* _Assignment_:
The entries below are to be repeated exactly, and their pictures left out.

** Opening Extracted material block **

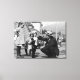 Gentleman and Kids Playing with Bear Cub On Leas Canvas Print
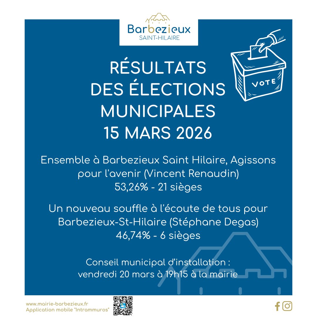 - Ensemble à Barbezieux Saint Hilaire, Agissons pour l’avenir (Vincent RENAUDIN) : 931 voix, soit 53,26% des suffrages exprimés
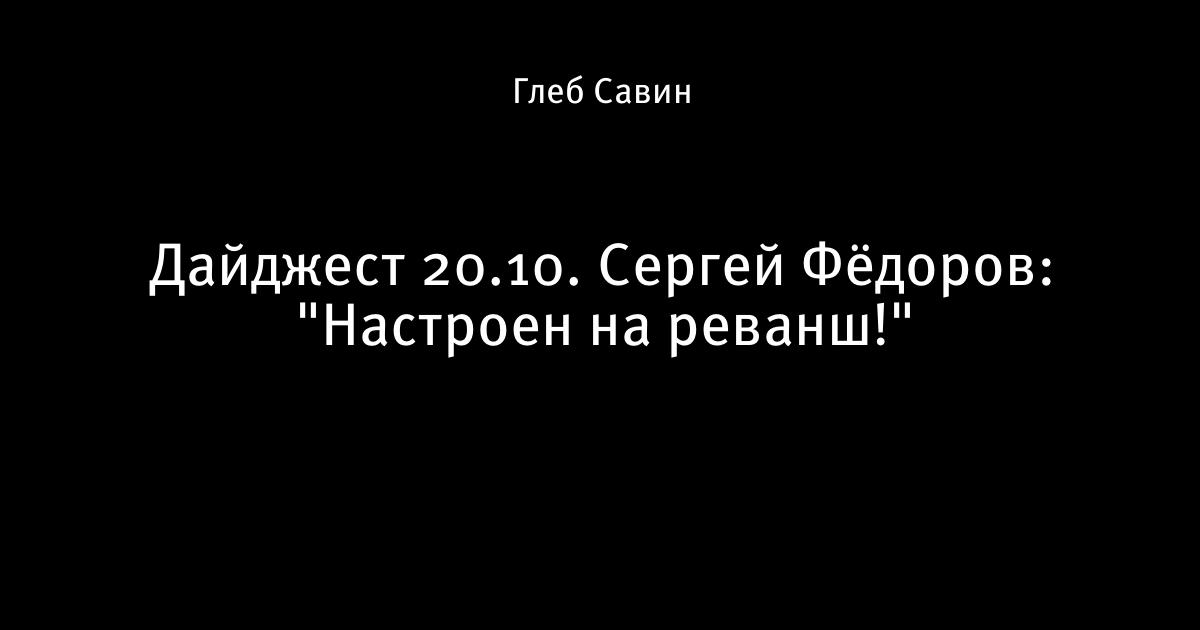 Дайджест 20.10. Сергей Фёдоров: "Настроен на реванш!"
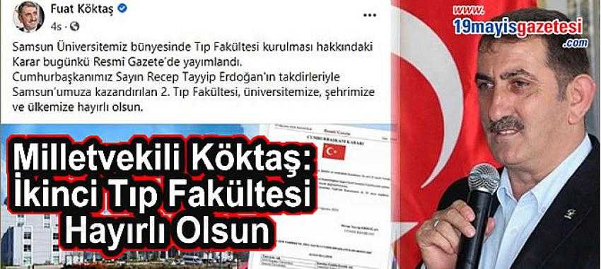 Cumhurbaşkanı Recep Tayyip Erdoğan'ın tensipleriyle Samsun Üniversitesi bünyesinde Tıp Fakültesi kurulmasını büyük bir memnuniyet ile karşıladıklarını belirten Milletvekili Köktaş, “18 Mayıs 2018 tarihinde kurulan ilimizin adını taşıyan Samsun Üniversitesi, bu tarihten sonra hızlı bir yapılanma süreci ile şehrimizin, bölgemizin ve ülkemizin ihtiyaçlarını dikkate alan stratejileriyle, hedeflerine tek tek ilerlemeye devam ettiğini görmek bizleri gururlandırıyor, mutlu ediyor.
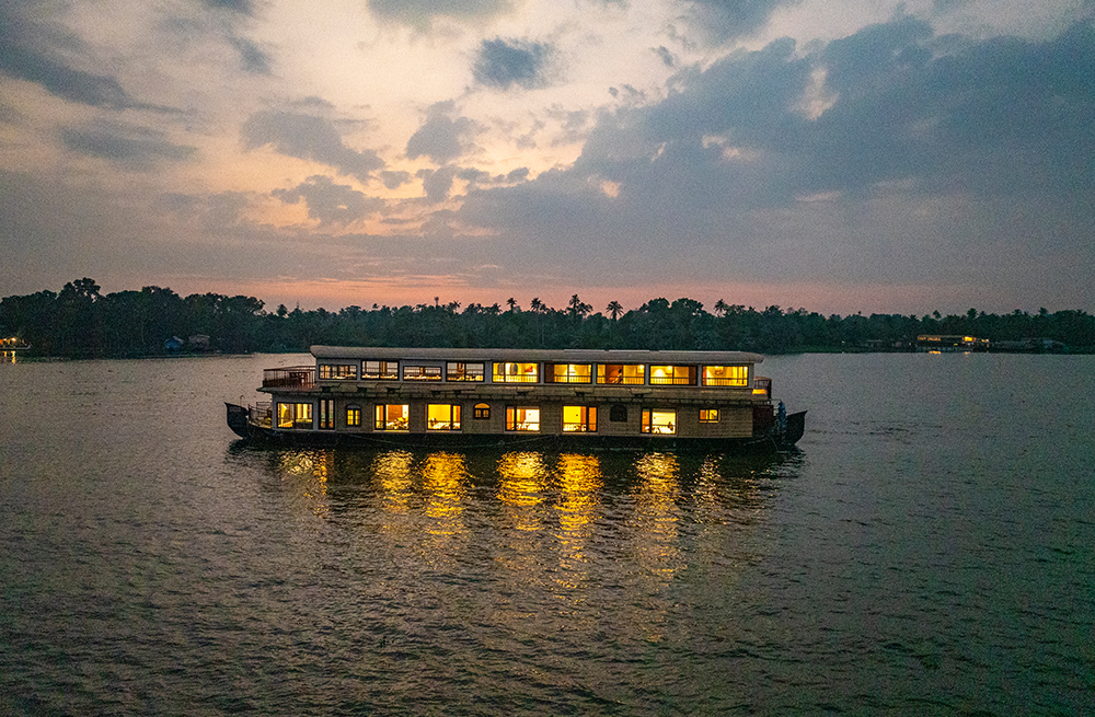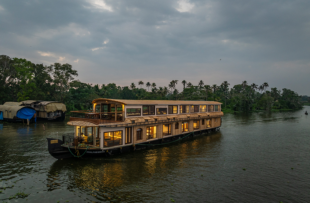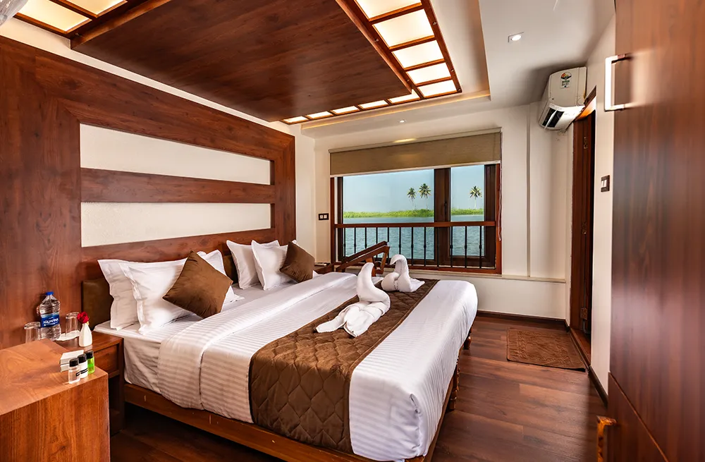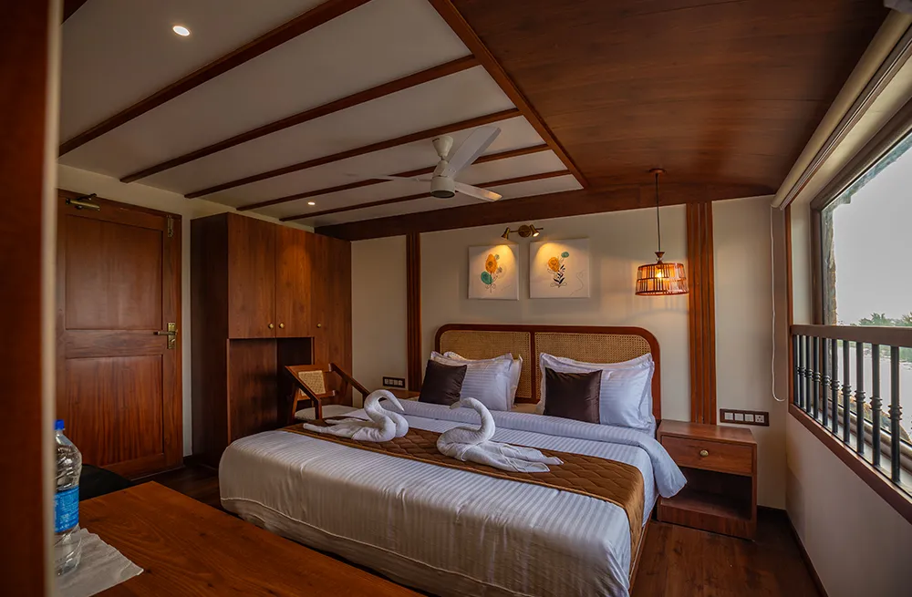 Welcome aboard Riverine Classic, our newly launched ultra-luxury double-decker houseboat featuring 8 well-furnished bedrooms designed to rival star-class hotels. Enjoy wooden interiors, modern amenities, and stunning views through clear glass sliding doors. Relax in the elegant lobby, dine in style, and unwind on the open deck as you cruise through serene waters. Experience unmatched comfort, class, and scenic beauty. Riverine Classic redefines luxury cruising.

** Closing Extracted material block **

* _Solution_:
 Gentleman and Kids Playing with Bear Cub On Leas Canvas Print
 - Ensemble à Barbezieux Saint Hilaire, Agissons pour l’avenir (Vincent RENAUDIN) : 931 voix, soit 53,26% des suffrages exprimés
 Дайджест 20.10. Сергей Фёдоров: "Настроен на реванш!"
 Cumhurbaşkanı Recep Tayyip Erdoğan'ın tensipleriyle Samsun Üniversitesi bünyesinde Tıp Fakültesi kurulmasını büyük bir memnuniyet ile karşıladıklarını belirten Milletvekili Köktaş, “18 Mayıs 2018 tarihinde kurulan ilimizin adını taşıyan Samsun Üniversitesi, bu tarihten sonra hızlı bir yapılanma süreci ile şehrimizin, bölgemizin ve ülkemizin ihtiyaçlarını dikkate alan stratejileriyle, hedeflerine tek tek ilerlemeye devam ettiğini görmek bizleri gururlandırıyor, mutlu ediyor.
 Welcome aboard Riverine Classic, our newly launched ultra-luxury double-decker houseboat featuring 8 well-furnished bedrooms designed to rival star-class hotels. Enjoy wooden interiors, modern amenities, and stunning views through clear glass sliding doors. Relax in the elegant lobby, dine in style, and unwind on the open deck as you cruise through serene waters. Experience unmatched comfort, class, and scenic beauty. Riverine Classic redefines luxury cruising.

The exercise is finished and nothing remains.